• Exercise instructions
The expected output is the data below, character for character, without its pictures.

• Supplied information
+ + +

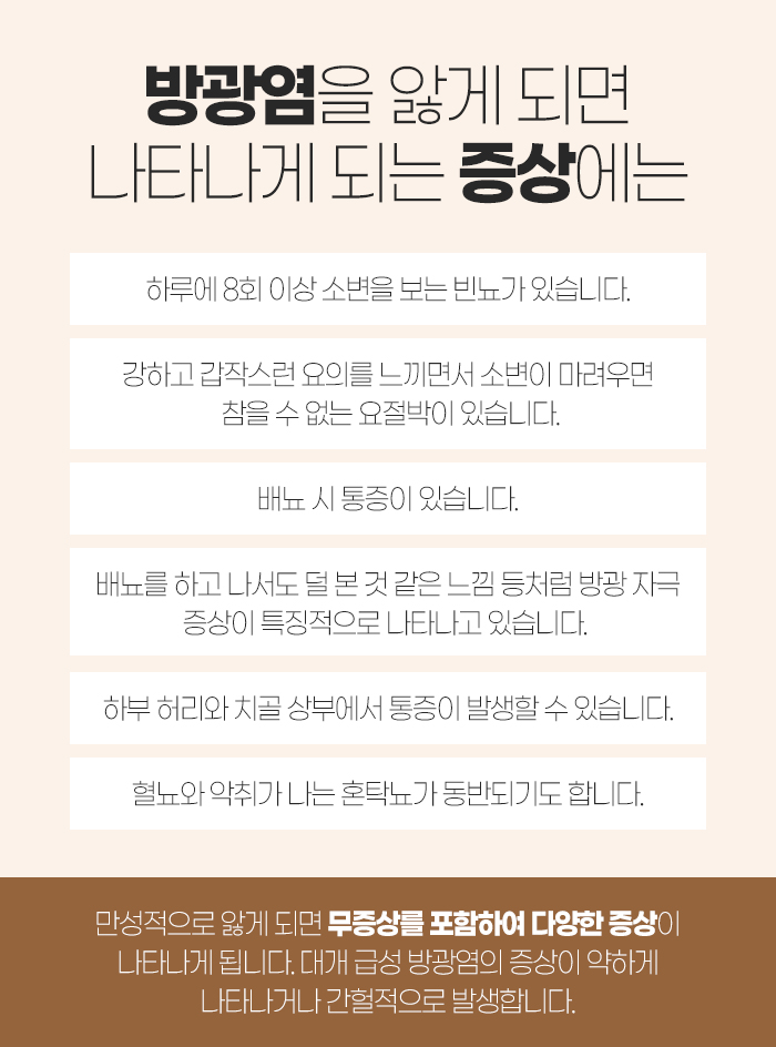 ㅁ 배뇨를 하고 나서도 덜 본 것 같은 느낌이 드는 등 방광 자극 증상이 특징적으로 나타나고 있습니다.
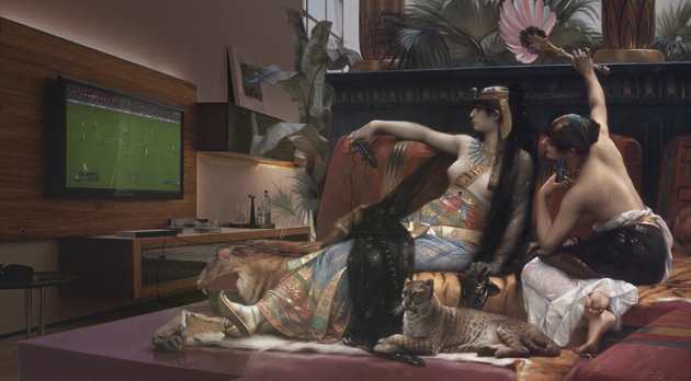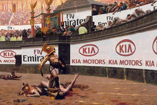 Ces anachronismes sont réalisés avec beaucoup de soin et le rendu est épatant : on pourrait presque croire à l’authenticité des images. Et quand ce designer s’amuse à décorer une arène avec des sponsors à l’image d’un stade de foot, le résultat est à nouveau très réussi.
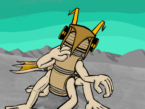 Humanoid blocky, rocky androids that were crafted in the burrows, a rogue faction within the Greater Systems Assembly. They had been in cooperation with primitives who they shared technology with and these distinctive androids are a product of that technological trade who are mostly chained AI at best.

+ + +

• Reply
 ㅁ 배뇨를 하고 나서도 덜 본 것 같은 느낌이 드는 등 방광 자극 증상이 특징적으로 나타나고 있습니다.
 Ces anachronismes sont réalisés avec beaucoup de soin et le rendu est épatant : on pourrait presque croire à l’authenticité des images. Et quand ce designer s’amuse à décorer une arène avec des sponsors à l’image d’un stade de foot, le résultat est à nouveau très réussi.
 Humanoid blocky, rocky androids that were crafted in the burrows, a rogue faction within the Greater Systems Assembly. They had been in cooperation with primitives who they shared technology with and these distinctive androids are a product of that technological trade who are mostly chained AI at best.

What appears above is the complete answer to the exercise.